Rapid resonance Raman microspectroscopy to probe carbon dioxide fixation by single cells in microbial communities

Abstract

Photosynthetic microorganisms play crucial roles in aquatic ecosystems and are the major primary producers in global marine ecosystems. The discovery of new bacteria and microalgae that play key roles in CO₂ fixation is hampered by the lack of methods to identify hitherto-unculturable microorganisms.

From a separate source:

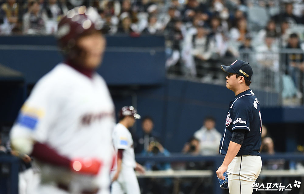 [엑스포츠뉴스 고척, 박지영 기자] 26일 오후 서울 구로구 고척스카이돔에서 열린 '2019 신한은행 MY CAR KBO 포스트시즌' 두산 베어스와 키움 히어로즈와 한국시리즈 4차전 경기, 2회말 2사 만루 두산 함덕주가 키움 송성문에게 밀어내기 볼넷을 허용하며 아쉬워하고 있다.

To overcome this problem we studied single microbial cells using stable-isotope probing (SIP) together with resonance Raman (RR) microspectroscopy of carotenoids, the light-absorbing pigments present in most photosynthetic microorganisms. We show that fixation of ¹³CO₂ into carotenoids produces a red shift in single-cell RR (SCRR) spectra and that this SCRR–SIP technique is sufficiently sensitive to detect as little as 10% of ¹³C incorporation. Mass spectrometry (MS) analysis of labelled cellular proteins verifies that the red shift in carotenoid SCRR spectra acts as a reporter of the ¹³C content of single cells. Millisecond Raman imaging of cells in mixed cultures and natural seawater samples was used to identify cells actively fixing CO₂, demonstrating that the SCRR–SIP is a noninvasive method for the rapid and quantitative detection of CO₂ fixation at the single cell level in a microbial community. The SCRR–SIP technique may provide a direct method for screening environmental samples, and could help to reveal the ecophysiology of hitherto-unculturable microorganisms, linking microbial species to their ecological function in the natural environment.